Die Arbeitgeberin hat den Spruch der Einigungsstelle schon insoweit angegriffen, als diese ihre Zuständigkeit bejaht hat. Außerdem hat sie die Auffassung vertreten, bei den begehrten Auskünften über die Vergütungen der Service-Partner handele es sich um Geschäftsgeheimnisse. Das gehe schon daraus hervor, daß von den etwa 360.000 Beschäftigten der Arbeitgeberin abgesehen von einem Vorstandsmitglied nur vier Personen Kenntnis von der Höhe der fraglichen Vergütungen hätten. Es bestehe zudem eine enge personelle Beziehung zwischen dem Wirtschaftsausschuß und der Deutschen Postgewerkschaft, dem sozialen Gegenspieler in sämtlichen das Unternehmen betreffenden Tarifverhandlungen. Mehrere Mitglieder des Wirtschaftsausschusses gehörten dem Hauptvorstand oder der Tarifkommission der Postgewerkschaft an und hätten an Tarifverhandlungen teilgenommen. Die begehrten Informationen würden daher zu einer Schwächung der Verhandlungsposition der Arbeitgeberin bei den Tarifverhandlungen führen. Dementsprechend hat die Arbeitgeberin in dem Beschlußverfahren vor dem Arbeitsgericht Bonn – 1 BV 61/98 – beantragt,
- festzustellen, daß der Spruch der Einigungsstelle vom 5. Juni 1998 unwirksam ist;
hilfsweise,
festzustellen, daß der Spruch der Einigungsstelle vom 05.06.1998 insoweit unwirksam ist, als die Einigungsstelle die Verpflichtung der Beteiligten zu 1) bejaht hat, dem Ausschuß für wirtschaftliche Angelegenheiten die folgende Information zukommen zu lassen:
Quartalsweise die Angabe der nach Produkten getrennten durchschnittlichen Beträge (Gesamtsumme geteilt durch die Anzahl der jeweiligen Sendungen, die im Rahmen des Projektes „PZS” – Stand 05.06.1998 – von den Vertragspartnern verteilt werden), die den Vertragspartnern für die von diesen zu erbringenden Leistungen bezahlt werden.

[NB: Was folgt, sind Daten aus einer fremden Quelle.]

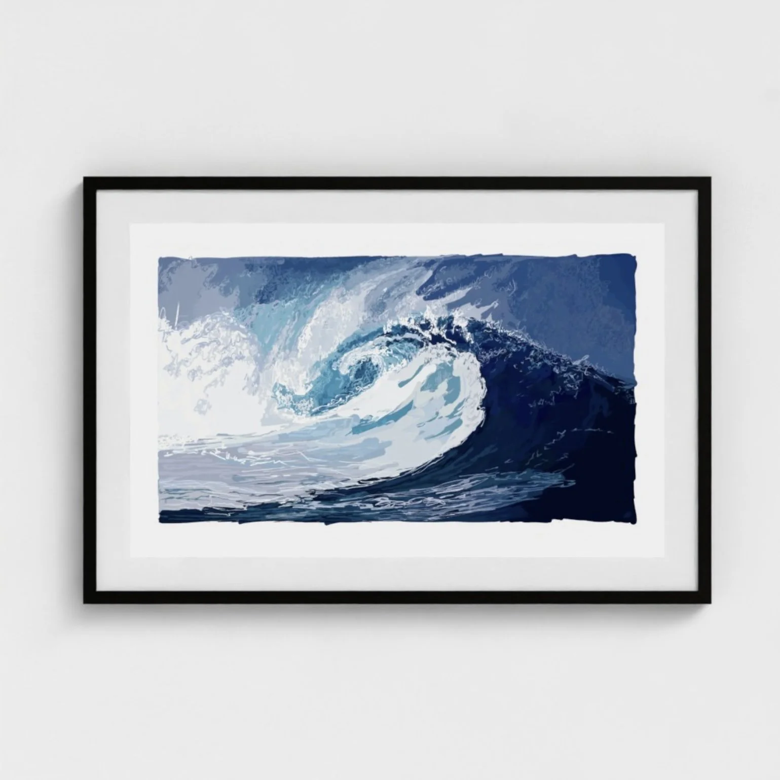 Bold and immersive, Big Wave is a powerful digital vector piece by Chaz Newton-Smith, capturing the drama and energy of crashing waves in motion. Printed on high-quality EMA 200gsm fine art paper, this work is set in a box frame with a Snow White mount and Perspex glaze. The clean, modern presentation enhances the depth and movement of the piece, making it a striking focal point for any space.

Der Gesamtbetriebsrat hat die Zuständigkeit der Einigungsstelle bejaht und die Auffassung vertreten, die Zurückweisung seines Hauptantrages und der Hilfsanträge zu 1) bis 3) durch die Einigungsstelle sei ermessensfehlerhaft gewesen. Die Einigungsstelle habe die Interessen der Belegschaft nicht angemessen berücksichtigt. Aus der Doppelmitgliedschaft von Personen in den verschiedenen betriebsverfassungsrechtlichen und gewerkschaftlichen Gremien und Funktionen dürfe keine Einschränkung der Informationsrechte des Wirtschaftsausschusses hergeleitet werden.

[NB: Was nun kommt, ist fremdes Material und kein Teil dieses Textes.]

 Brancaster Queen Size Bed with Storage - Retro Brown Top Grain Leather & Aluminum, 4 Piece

Der Gesamtbetriebsrat hat daher im Verfahren – 1 BV 61/98 – die Abweisung der Anträge der Arbeitgeberin beantragt und seinerseits ein Beschlußverfahren vor dem Arbeitsgericht Bonn – 2 BV 62/98 – eingeleitet, in dem er beantragt hat
- festzustellen, daß der Spruch der Einigungsstelle vom 05.06.1998 insoweit unwirksam ist, als die in dem Hauptantrag des Gesamtbetriebsrats vor der Einigungsstelle angesprochene Auskunftsverpflichtung des Arbeitgebers verneint würde,
jeweils hilfsweise,
festzustellen, daß der Spruch der Einigungsstelle vom 05.06.1998 insoweit unwirksam ist, als die in den Hilfsanträgen zu 1) bis 3) des Gesamtbetriebsrats vor der Einigungsstelle angesprochenen Auskunftsverpflichtungen des Arbeitgebers von der Einigungsstelle verneint worden sind.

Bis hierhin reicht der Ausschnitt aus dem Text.